On the Waterfront - Day 128: Tuesday 2 February 2010
Blogger is doing away w/ FTP. Yay.
If you weren't sure how nuclear weapons work, here's a helpful infographic.
Firefox devs were terrifyingly uninterested to learn the Chinese govt is spying on them. For Firefox, go to
Tools → Options → Advanced → Encryption → View Certificates → Authorities and delete the CNNIC cert. For IE, go to Tools → Internet Options → Content → Certificates → Trusted Root Certification Authorities and delete CNNIC ROOT. I'm assuming Opera users can figure it out no problem.Edward Luttwak wrote an article on how the Byzantine empire would handle Afghanistan.
The Defense Department commissioned a report on what America could learn from ancient empires. Surprise! Byzantium wasn't one of them.Even by the shortest reckoning, the Byzantine empire survived for eight centuries (from the fourth to the twelfth)--longer than any other in history. Although the Byzantines were supremely tenacious in combat, their strategy--invented in response to the unprecedented threat of Attila's Huns in the 5th century--relied on diplomacy, evolving into a body of rules and techniques that is still relevant today.

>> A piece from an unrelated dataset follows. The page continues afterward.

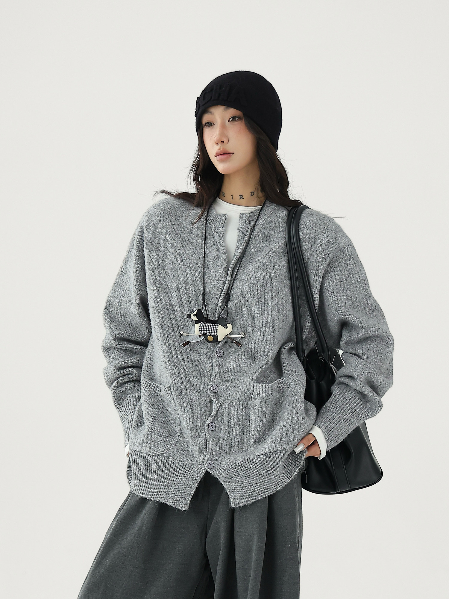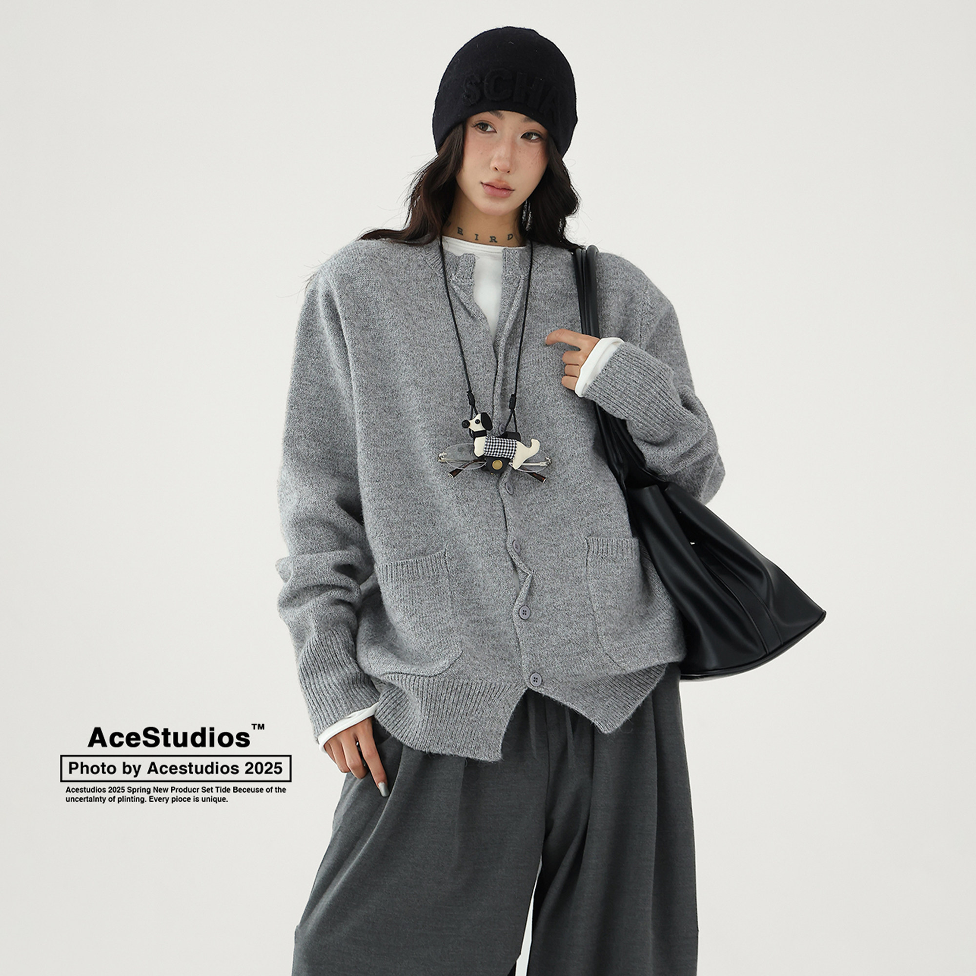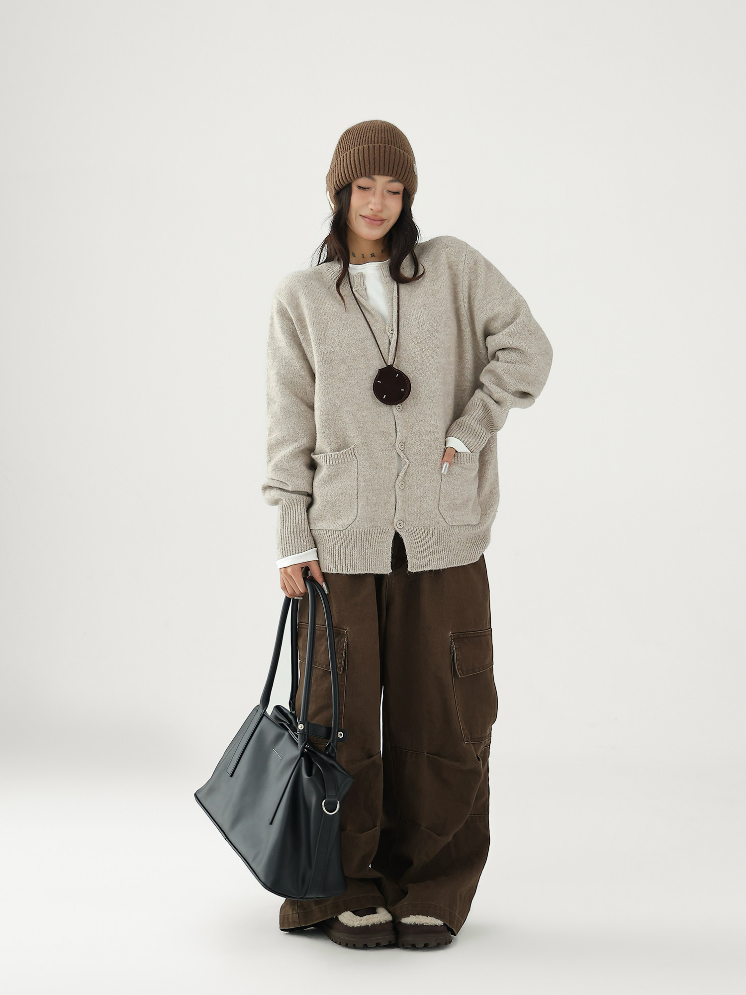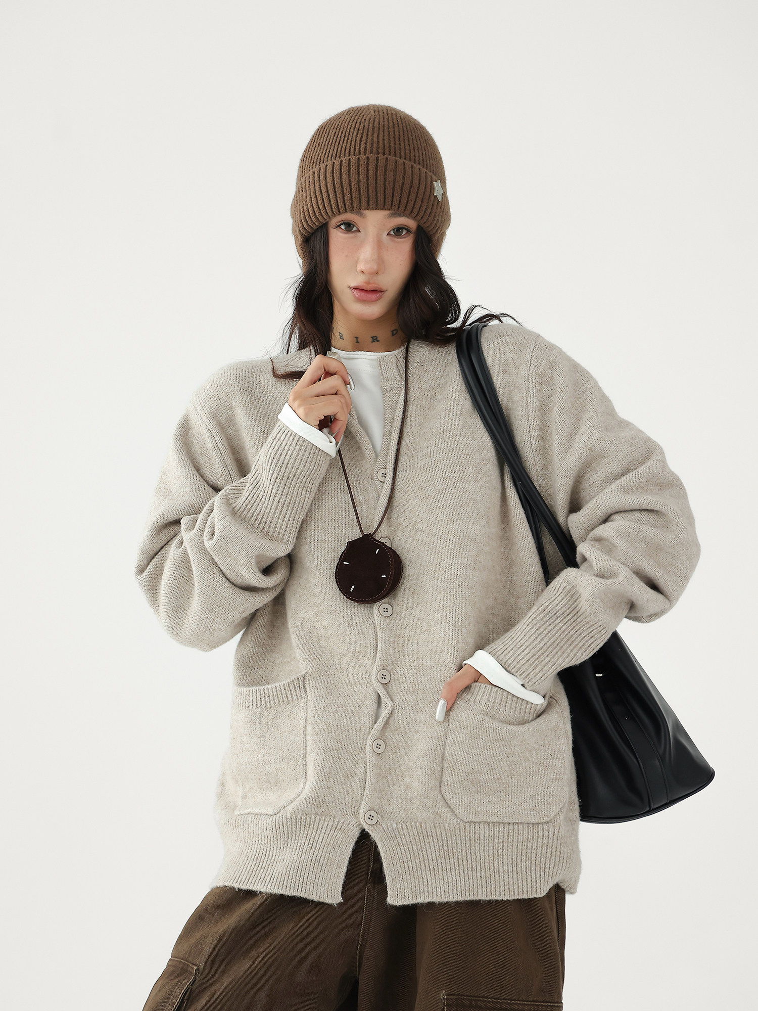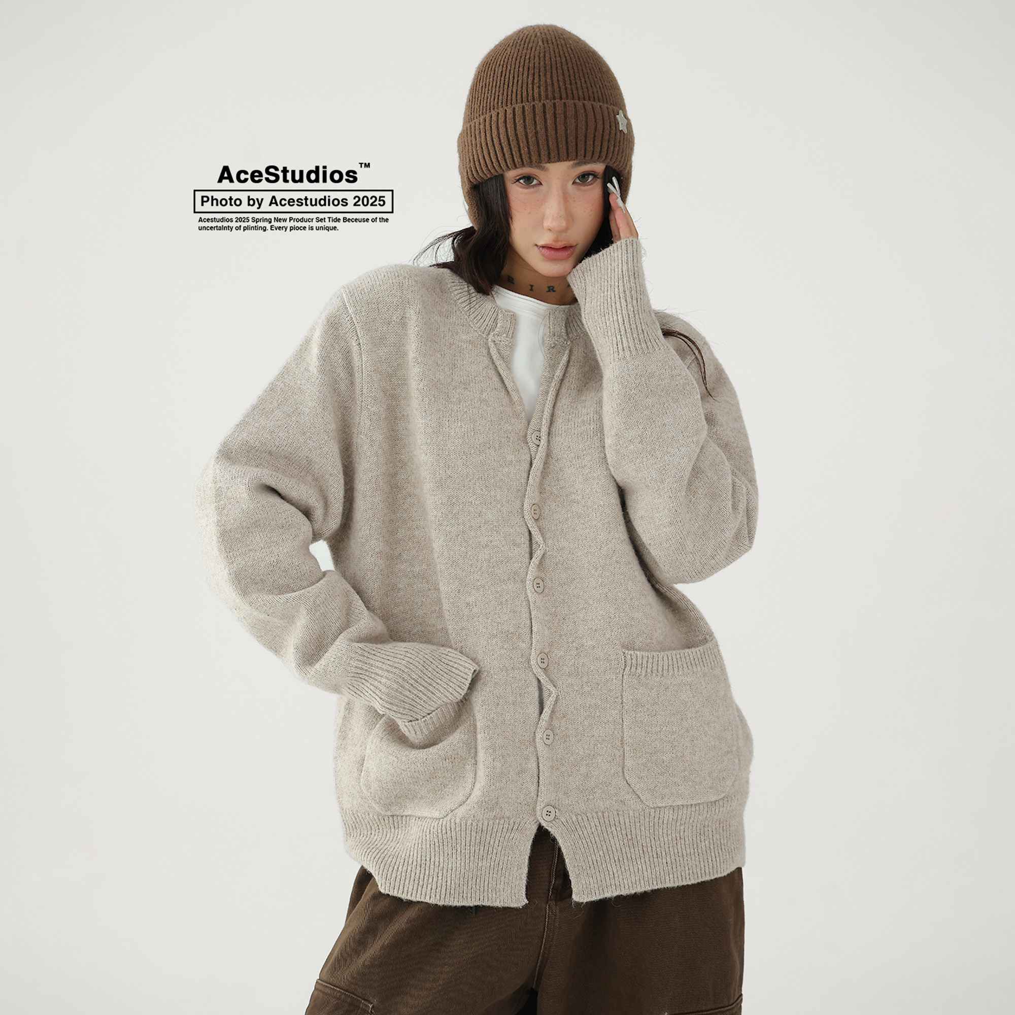 Шерстяной кардиган с круглым воротником, свитер, куртка, увеличенная толщина, яркий броский стиль, изысканный стиль, свободный крой

Unlike the Romans, the Byzantines wrote official guidebooks on statecraft, foreign relations and espionage: writings I find especially fascinating, as I once helped compose the main field manual of the US army. These ancient techniques centred on a single, paradoxical principle: do everything possible to raise, equip and train the best possible army and navy; then do everything possible to use them as little as possible.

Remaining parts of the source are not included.